The Manager of Clinical Data is the internal resource for data management and biostatistics as well as outcomes research for Organogenesis. The main focus is on data management and biostatistics of clinical trials and real-world evidence.
Overall responsibilities will include coordinating, and hands on involvement, in data management and biostatistics tasks for prospective clinical trials, and publications of prospective and retrospective data, including liaising with external data management and biostatistics partners. The Manger of Clinical Data reports to the VP of Global Medical and Clinical Affairs and will be a contributing member of this overall team.

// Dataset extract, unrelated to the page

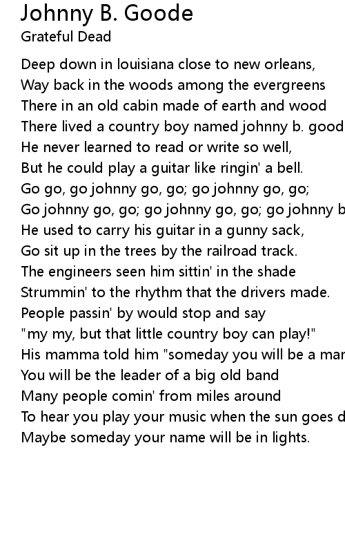 Go johnny go, go; go johnny go, go; go johnny b. goode. |

Provide early strategic input into the data management issues associated with clinical programs.
Develop for collecting‚ organizing‚ coding‚ storing and analyzing data for the company’s research purposes.
Engage in the design‚ documentation‚ testing‚ and implementation of clinical data collection‚ and clinical database management across multiple product lines and all phases of clinical development.
Collaborate and coordinate with others to assist in the design of clinical protocols‚ CRFs and statistical analysis plans.
Maintain responsibility for standardization of CRF design and data management conventions across multiple programs.
Coordinate activities of Contract Research Organizations and other 3rd party vendors specifically related to data collection and analysis.
Develop strong working relationships and maintain effective communication with clinical Affairs team.
Ensure proper validation of systems‚ conventions and procedures employed in data management processes.
Ensure data management requirements‚ associated timelines and budgets are well understood by clinical operations personnel and other personnel associated with data management functions.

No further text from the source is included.